Tak Ada Filosofi di dalam Kopi Kami Pagi Ini

Processed with VSCO with a2 preset

Matahari di musim gugur layaknya gadis perawan di sarang penyamun, ia menjadi begitu berharga, sehingga kala ia terbit tak ada pekerjaan lain yang lebih penting dibanding menikmati sekejap waktu saat ia bertahta.

***

Winchester – Hampshire, 28 Oktober 2017 [10:25am]

Saat ramalan cuaca memberi tahu bahwa Sabtu ini wilayah tenggara Inggris akan dihujani cahaya matahari, saya dan rekan saya Nick menanggalkan pekerjaan rumah yang menumpuk dan memutuskan untuk mengunjungi Wincester, sebuah kota kecil berjarak 68 mil di tenggara London. Nama Winchester muncul seperti kelinci dari topi pesulap, Nick tetiba teringat nama kota yang pernah didengarnya ini dan menyarankan kami untuk berkunjung kesana.

“I’ll drive us to Winchester, we can go for a walk and lunch before heading back to London in the afternoon” katanya.

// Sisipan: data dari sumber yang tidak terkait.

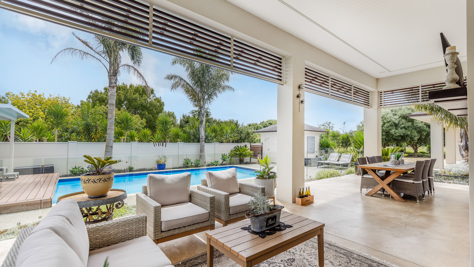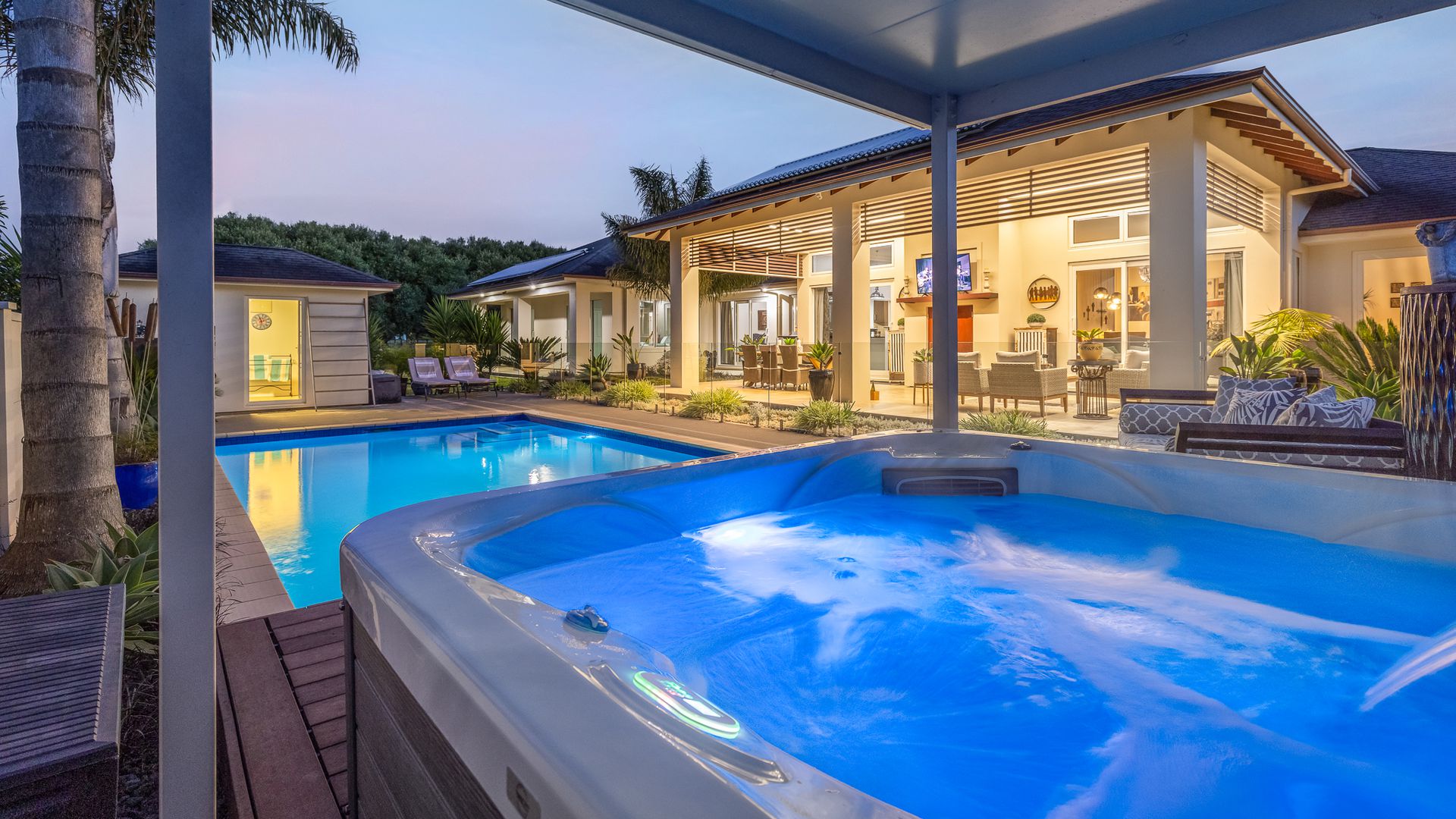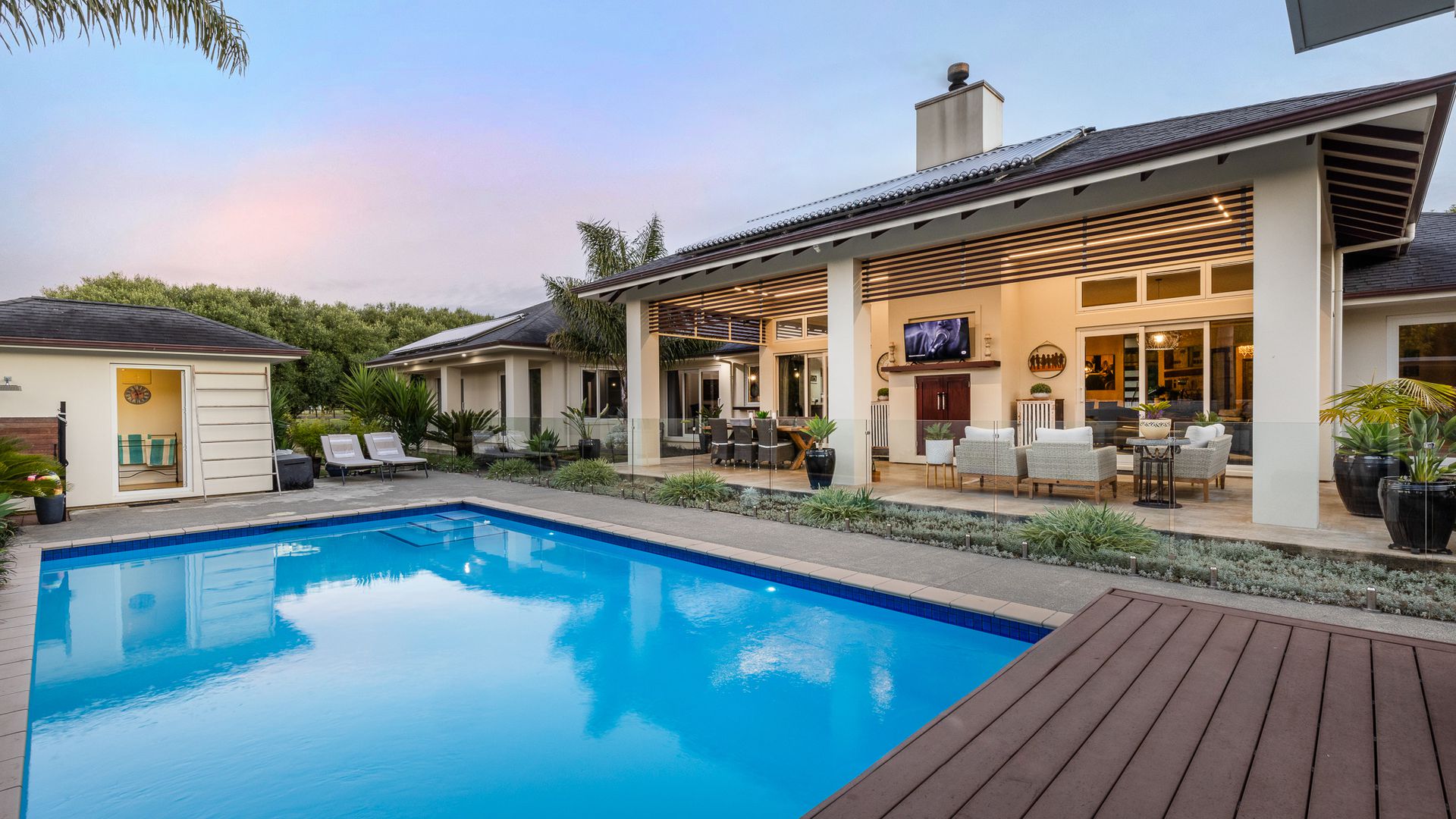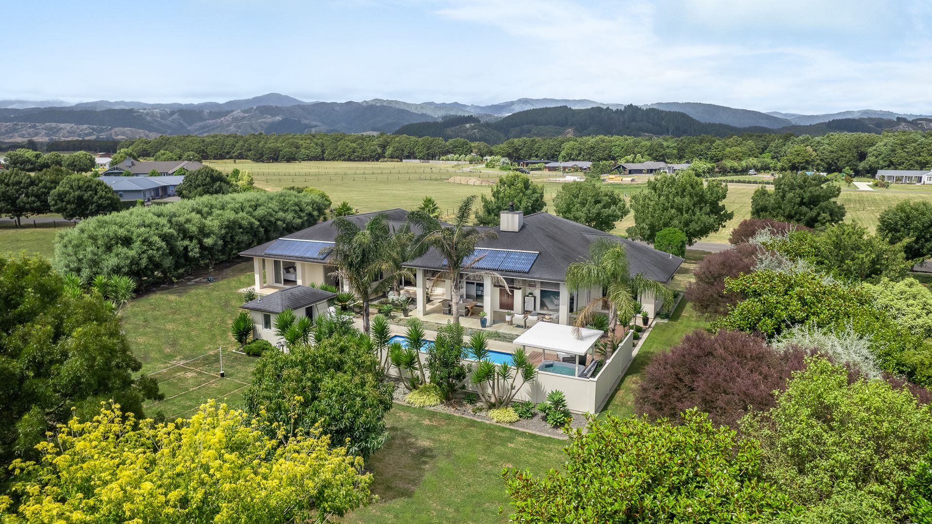 The lush, low-maintenance tropical surroundings create a resort-style ambiance, providing privacy and shade in the additional 53m2 alfresco dining area (more or less). The heated pool and spa area, complete with a changing room, toilet, and outdoor shower, transform your everyday life into a holiday. With a fully flat site that has been well-landscaped, offering tropical, native planting, fruit trees, and a vegetable garden. Ensuring ultimate comfort, this home boasts a plethora of features, including double glazing, 16-zone underfloor heating, two heat pumps, a hot water solar system and a custom European fire. Nestled amidst the vines in Ohau, this haven offers tranquillity while remaining conveniently accessible to amenities, Wellington, and beyond. Embrace a lifestyle where every day feels like a retreat. Viewing by appointment only. RV $2,020,000. Call Sold on Kapiti on 0800 527 181 to chat further. Floor area 367m2 (source – CoreLogic) Land area 3055m2 (source – LINZ)

Saya yang hanya pernah ke tiga kota lain di Inggris selain London tidak akan menolak sebuah ajakan mengunjungi kota baru. Berbekal GPS yang menjadi penunjuk arah dan dua cangkir kopi, kami bergerak meninggalkan London di Sabtu pagi. Saya menyukai kopi yang dikawinkan dengan susu kedelai dan Nick senantiasa memilih kopi pekat yang diseduh cepat.

Bagi saya, kopi adalah ritual, layaknya segelas air dingin saat bangun pagi dan sebait ucapan “selamat malam” yang saya kirimkan saat beranjak tidur untuk adik-adik dan ibu saya. Kopi pun tidak memiliki identitas, kopi yang enak bukan berasal dari biji kopi yang ditanam di tanah dengan nama unik ataupun diseduh dengan beragam metode yang hingga kini tak mampu saya hapalkan satu persatu. Sebagai pembuka hari, kopi cukup dengan sekadar hadir, tak peduli ia terseduh dari teko di dapur, tersedia dalam tiga puluh detik dari restoran cepat saji di sudut jalan, ataupun hadir dalam cangkir tanah liat berhias latte art dari gerai kopi masa kini yang tumbuh layaknya cendawan di musim hujan.

Adalah waktu dan pengalaman yang dihabiskan tatkala mengecap kopi yang menjadikan ia bermakna.

Dan pagi ini, kopi kami berpasangan dengan sejarah dan agama…

***Processed with VSCO with c7 presetKami berdua menyukai diskusi seputar sejarah, sains dan agama. Tiga topik itu adalah trinitas dalam perbincangan kami yang seringnya bermula di kedai kopi dan berakhir di meja saat makan malam. Tetapi pagi ini, ia bermula di lingkar utara London.

“Jadi, perpecahan Sunni dan Shiah itu karena perbedaan pandangan politik serta sosial yang terjadi di abad ke tujuh?

Demi Tuhan, sudah delapan belas abad berlalu dan belum juga ada titik temu?!” Ujar Nick menyimpulkan penjelasan saya perihal perpecahan dua aliran besar dalam agama Islam yang melahirkan berbagai isu geopolitik sejak masa kekhalifahan hingga sekarang.

“Ya, dan mungkin hingga peradaban manusia berakhir, kita tidak akan menemukan titik temu…” Jawab saya singkat.

Delapan belas abad adalah waktu yang panjang untuk sebuah akar masalah tumbuh mengular dan melahirkan benih masalah lain. Perihal benar dan salah layaknya ruang bangun yang saling bersisian, melahirkan ruang baru di mana opini dipertuhankan.

“C’mon, baru kali ini aku dengar kamu bersikap pesimis!” Ledeknya.

“Haha, ini bukan pesimis! Saya lebih senang menyebutnya realistis.” Balas saya.

Ya, agama dan politik bagai air dan minyak dalam sebuah gelas, bersatu walau sulit untuk dileburkan.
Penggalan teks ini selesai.